*** Block opens ***

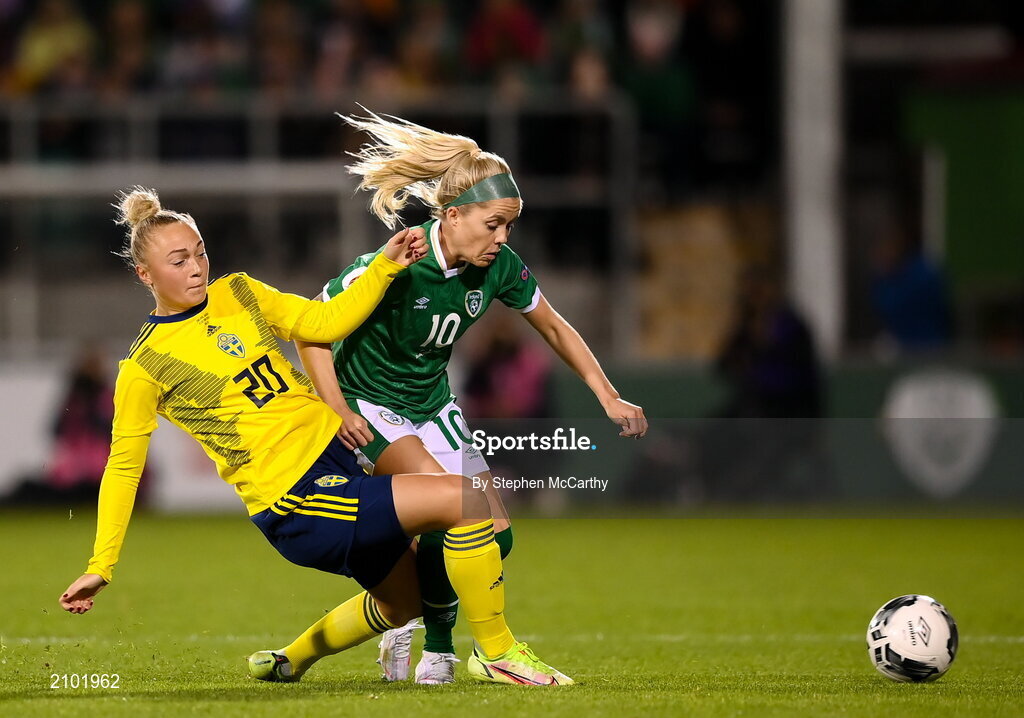 21 October 2021; Hanna Bennison of Sweden in action against Denise O'Sullivan of Republic of Ireland during the FIFA Women's World Cup 2023 qualifier group A match between Republic of Ireland and Sweden at Tallaght Stadium in Dublin. Photo by Stephen McCarthy/Sportsfile
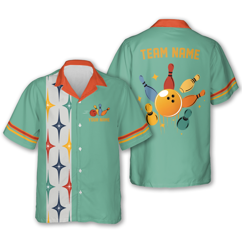 Custom Retro Hawaiian Bowling Team Shirts Men, Custom Bowling Team Shirts HB0185
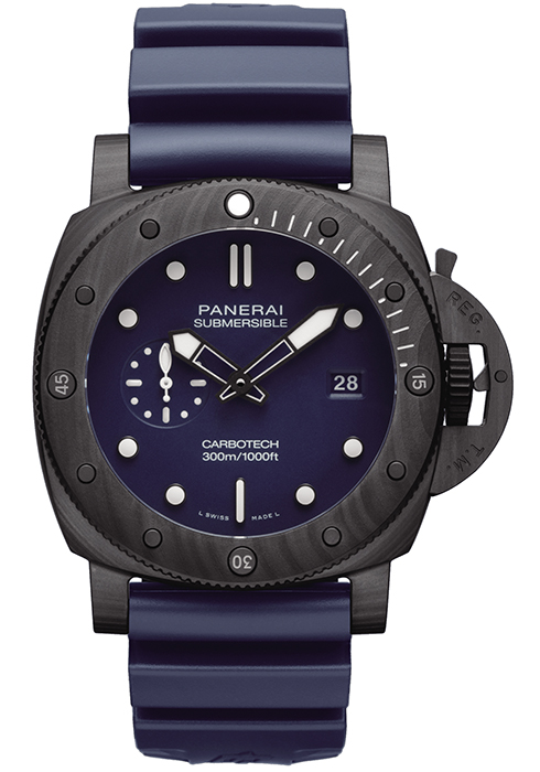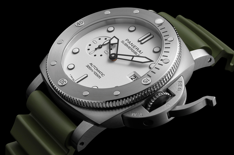 섭머저블 컬렉션은 고유의 DNA를 고수하며 진화를 거듭해온 파네라이를 대표하는 다이버 워치다. 특허 받은 크라운 보호 장치를 비롯해, 수심 300mm 방수 기능, 잠수 경과 시간을 측정할 수 있는 단방향 회전 베젤, 그리고 슈퍼루미노바로 채운 메탈릭 아플리케도 다이버에게 없어서는 안 될 생존 도구로서의 기능을 충실히 수행한다. 컬렉션을 상징하는 P.900 칼리버를 탑재했으며, 세 가지 모델 모두에 파네라이의 지속적인 친환경 노력을 반영했다. 기본 스트랩에는 재활용 소재를 30% 사용했으며, 섭머저블 쿼란타콰트로 라인의 모든 스트랩과 마찬가지로 교체용 스트랩에는 재활용 패브릭을 68% 활용했다. 티타늄보다 가볍고 내부식성이 뛰어난 카보테크를 케이스에 적용해 심해를 상징하는 딥 블루 컬러를 다이얼에 적용한 버전과 스틸 케이스에 블랙 다이얼을 장착한 버전, 화이트 컬러 다이얼에 밀리터리 그린 톤의 스트랩을 매치한 섭머저블 쿼란타콰트로 비앙코 세 가지 모델이 라인업을 이끈다.
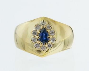 3111. Bague bandeau sertie d'un saphir taille poire entouré de diamant...
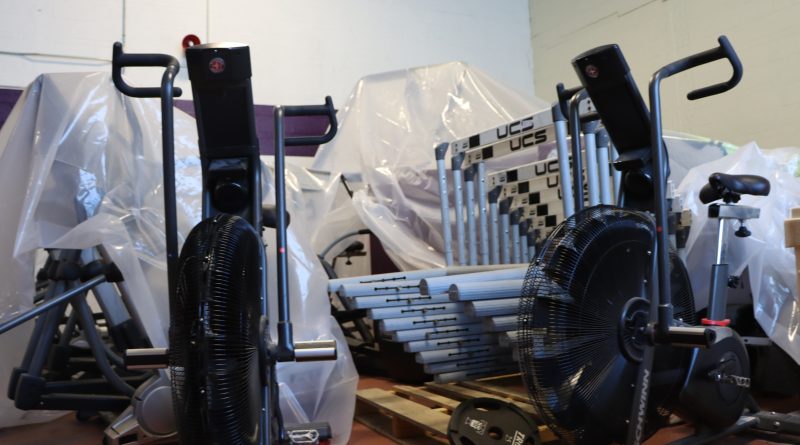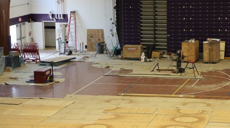 Gym equipment is kept under tarps during construction. Tarps were also placed under construction materials on the court.
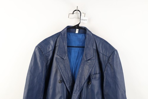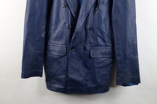 Vintage 90s Streetwear Mens Size Medium Leather Suit Coat Blazer Jacket Blue
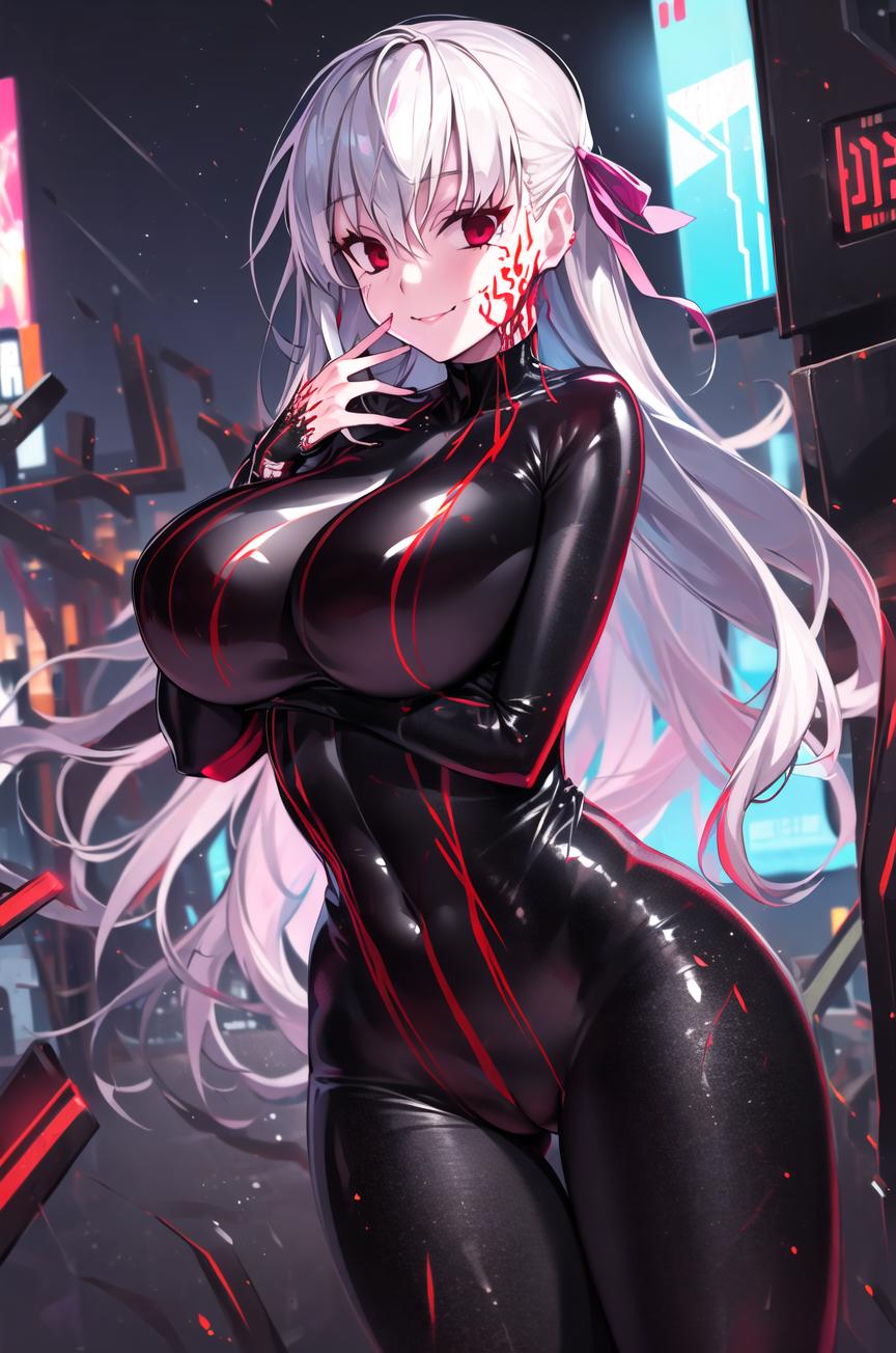 If you're making image with clothes different than original dress, using striped seems to add a stripe pattern similiar to the dress. Also red body markings usually appear with the dress, but for more revealing outfits you will have to use body markings, corruption if you want them to appear in any form other than on the side of the face.
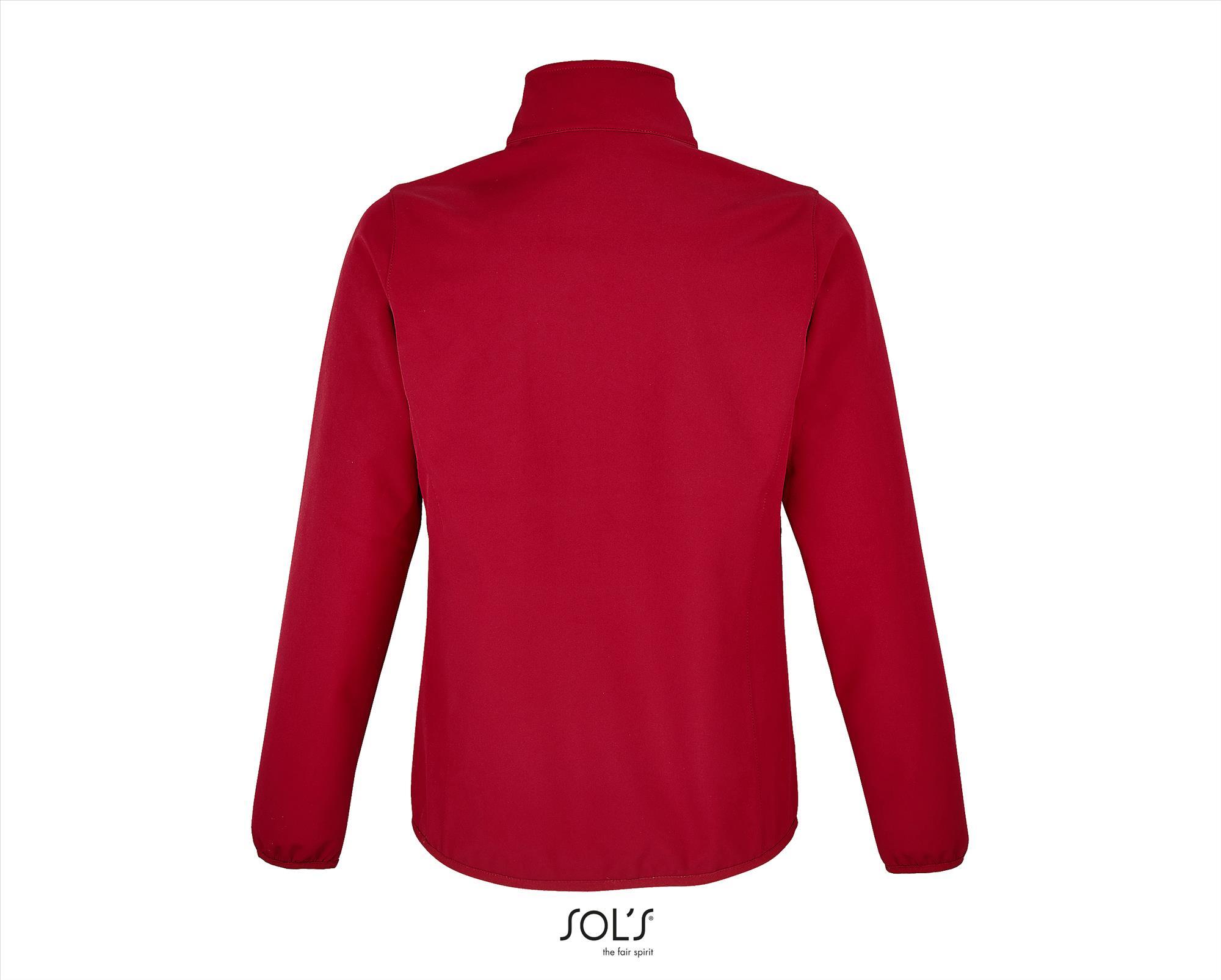 3 laags Softshell Jacket peper rood voor dames met gerecycled polyester. Merk:SOL'S Falcon Women. Materiaal:94% Recycled Polyester - 6% Elastane. Dikte: 270 g/m2. Foto met model erop is een sfeer foto kleur buiten beschouwing houden. Land van herkomst:Bangladesh.
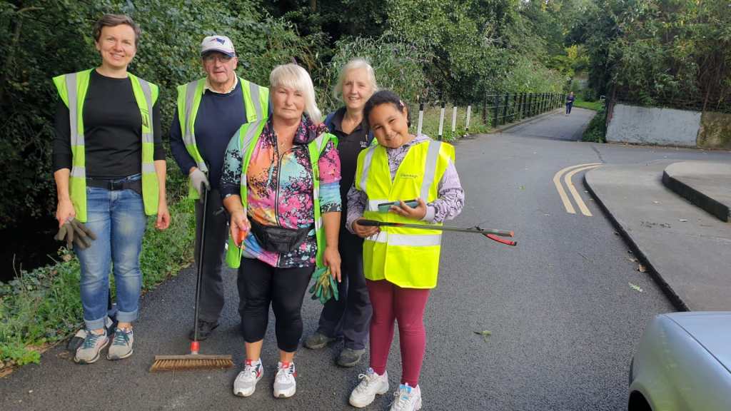 Several groups joined up to tackle the weeding along the banks of the River Ward. With so many willing hands, this was done in record time.

*** Block closes ***

EXERCISE BRIEF - Quote only what lies between the first line of the records and the line containing "If you're making", please, including both lines and excluding images.

RESPONSE TO THE TASK -
 21 October 2021; Hanna Bennison of Sweden in action against Denise O'Sullivan of Republic of Ireland during the FIFA Women's World Cup 2023 qualifier group A match between Republic of Ireland and Sweden at Tallaght Stadium in Dublin. Photo by Stephen McCarthy/Sportsfile
 Custom Retro Hawaiian Bowling Team Shirts Men, Custom Bowling Team Shirts HB0185
 섭머저블 컬렉션은 고유의 DNA를 고수하며 진화를 거듭해온 파네라이를 대표하는 다이버 워치다. 특허 받은 크라운 보호 장치를 비롯해, 수심 300mm 방수 기능, 잠수 경과 시간을 측정할 수 있는 단방향 회전 베젤, 그리고 슈퍼루미노바로 채운 메탈릭 아플리케도 다이버에게 없어서는 안 될 생존 도구로서의 기능을 충실히 수행한다. 컬렉션을 상징하는 P.900 칼리버를 탑재했으며, 세 가지 모델 모두에 파네라이의 지속적인 친환경 노력을 반영했다. 기본 스트랩에는 재활용 소재를 30% 사용했으며, 섭머저블 쿼란타콰트로 라인의 모든 스트랩과 마찬가지로 교체용 스트랩에는 재활용 패브릭을 68% 활용했다. 티타늄보다 가볍고 내부식성이 뛰어난 카보테크를 케이스에 적용해 심해를 상징하는 딥 블루 컬러를 다이얼에 적용한 버전과 스틸 케이스에 블랙 다이얼을 장착한 버전, 화이트 컬러 다이얼에 밀리터리 그린 톤의 스트랩을 매치한 섭머저블 쿼란타콰트로 비앙코 세 가지 모델이 라인업을 이끈다.
 3111. Bague bandeau sertie d'un saphir taille poire entouré de diamant...
 Gym equipment is kept under tarps during construction. Tarps were also placed under construction materials on the court.
 Vintage 90s Streetwear Mens Size Medium Leather Suit Coat Blazer Jacket Blue
 If you're making image with clothes different than original dress, using striped seems to add a stripe pattern similiar to the dress. Also red body markings usually appear with the dress, but for more revealing outfits you will have to use body markings, corruption if you want them to appear in any form other than on the side of the face.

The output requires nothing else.